▶ _TASK ITEM_
Reproduce the records below in full and exactly, without their images.

Collected data entries:
<<<<
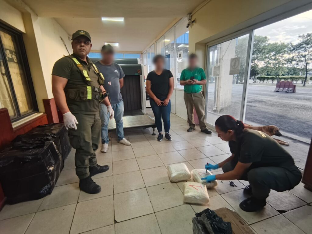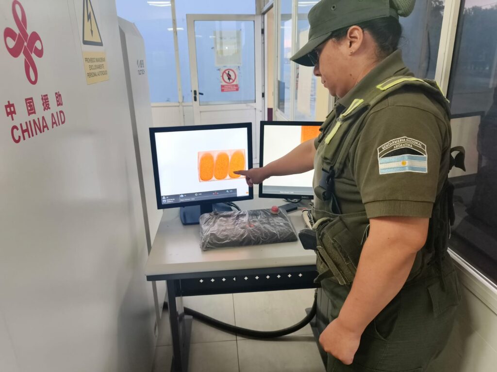 Al momento de la inspección, los uniformados inspeccionaron la carga y mediante un escáner, pudieron visualizar que una de las encomiendas poseía cuerpos irregulares amorfos.
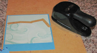 I cut the blue pieces 1/4 inch shorter each time, so my strips are 1.5, 1.25 and 1 inch by 5.5 inches and I punch out the waves on each strip, then I reverse the middle strip so you can see all the waves clearly.
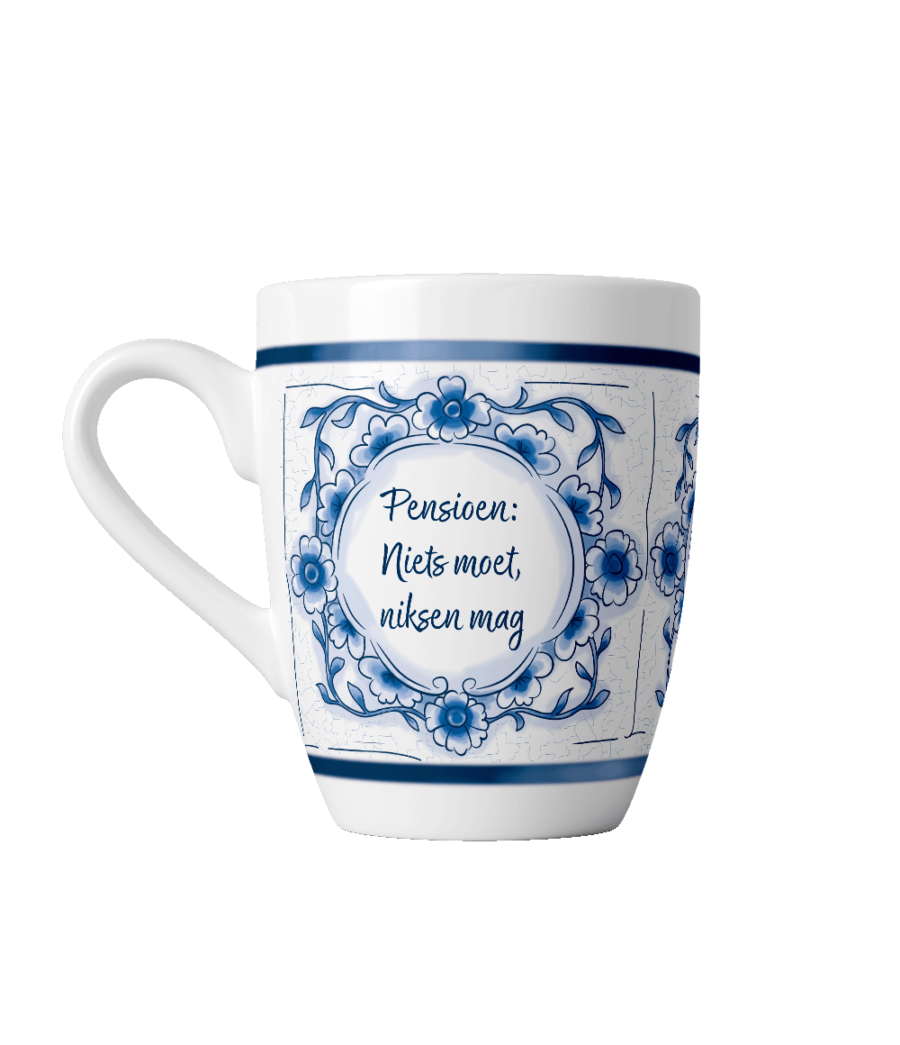 Breng een vleugje Hollandse charme in huis met deze prachtige Delfts Blauwe mok van Paper Dreams. Het klassieke ontwerp gecombineerd met een moderne, humoristische twist maakt deze mok tot een perfect cadeau voor een feestelijke mijlpaal. Het herkenbare Delfts blauwe patroon is voorzien van een leuke of hartverwarmende tekst zoals “Pensioen”. De duurzame print blijft langdurig mooi, zelfs bij dagelijks gebruik. Het stevige keramiek zorgt daarnaast voor een prettige grip.
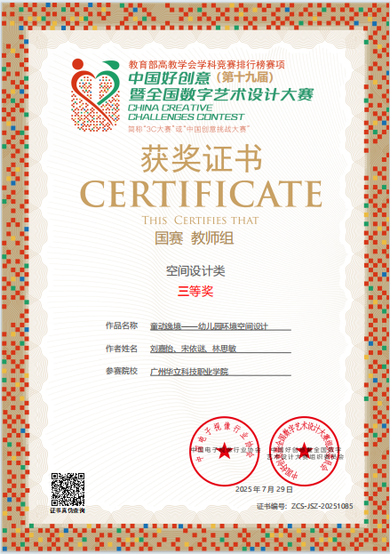 國賽(教師組)空間設計類三等獎證書
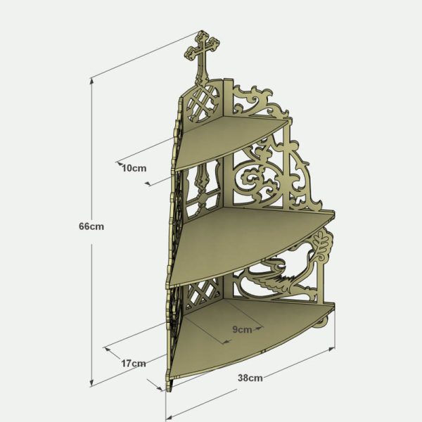 Ця витончена кутова триярусна поличка стане чудовим доповненням до вашого домашнього іконостасу. Вона виготовлена з якісного дерева і має три яруси для розміщення ікон. Бічні стінки полички прикрашені вишуканим ажурним декором, що надає їй особливої легкості та витонченості. Особливістю цієї полички є наявність хреста, що символізує віру. Кутова форма полички дозволяє оптимально використовувати простір кімнати. Поличка ідеально підходить для створення затишного місця для молитви та духовних практик.
>>>>
▶ _EXPECTED OUTPUT_
 Al momento de la inspección, los uniformados inspeccionaron la carga y mediante un escáner, pudieron visualizar que una de las encomiendas poseía cuerpos irregulares amorfos.
 I cut the blue pieces 1/4 inch shorter each time, so my strips are 1.5, 1.25 and 1 inch by 5.5 inches and I punch out the waves on each strip, then I reverse the middle strip so you can see all the waves clearly.
 Breng een vleugje Hollandse charme in huis met deze prachtige Delfts Blauwe mok van Paper Dreams. Het klassieke ontwerp gecombineerd met een moderne, humoristische twist maakt deze mok tot een perfect cadeau voor een feestelijke mijlpaal. Het herkenbare Delfts blauwe patroon is voorzien van een leuke of hartverwarmende tekst zoals “Pensioen”. De duurzame print blijft langdurig mooi, zelfs bij dagelijks gebruik. Het stevige keramiek zorgt daarnaast voor een prettige grip.
 國賽(教師組)空間設計類三等獎證書
 Ця витончена кутова триярусна поличка стане чудовим доповненням до вашого домашнього іконостасу. Вона виготовлена з якісного дерева і має три яруси для розміщення ікон. Бічні стінки полички прикрашені вишуканим ажурним декором, що надає їй особливої легкості та витонченості. Особливістю цієї полички є наявність хреста, що символізує віру. Кутова форма полички дозволяє оптимально використовувати простір кімнати. Поличка ідеально підходить для створення затишного місця для молитви та духовних практик.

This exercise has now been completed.